Vande Bharat Express train route in India

The 20705/20706 Hazur Sahib Nanded - Mumbai CSMT Vande Bharat Express is India's 41st Vande Bharat Express train, running across the state of Maharashtra, which will start from Hazur Sahib Nanded and will terminate at Mumbai CSMT in India. This will be the fourth express train towards Chhatrapati Shivaji Maharaj Terminus (CSMT).

This express train was inaugurated on 30 December 2023 by Prime Minister Narendra Modi via video conferencing from Ayodhya Dham Junction.

== Overview ==
This train is operated by Indian Railways, connecting Hazur Sahib Nanded, Parbhani Jn, Jalna, Aurangabad, Manmad Jn, Nashik Road, Kalyan Jn, Thane, Dadar Ctrl and Mumbai CSMT. It is currently operated with train numbers 20705/20706 on 6 days a week basis.

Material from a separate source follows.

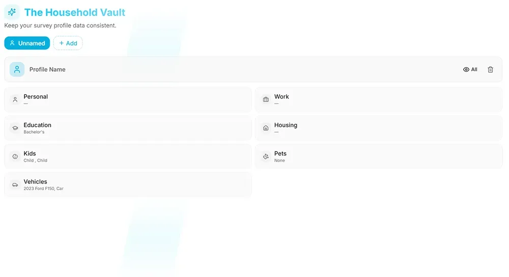 Consistency is key when applying for surveys and offers. The Household Vault acts as your "Household Survey Profile Manager," allowing you to maintain unlimited profiles to keep your data organized and morale high.

From the South Central Railways zonal office, there has been an approved extension to originate or terminate to&fro Hazur Sahib Nanded from 27 August 2025.

== Rakes ==
It was the thirty-ninth 2nd Generation and twenty-fifth Mini Vande Bharat 2.0 Express train which was designed and manufactured by the Integral Coach Factory at Perambur, Chennai under the Make in India Initiative.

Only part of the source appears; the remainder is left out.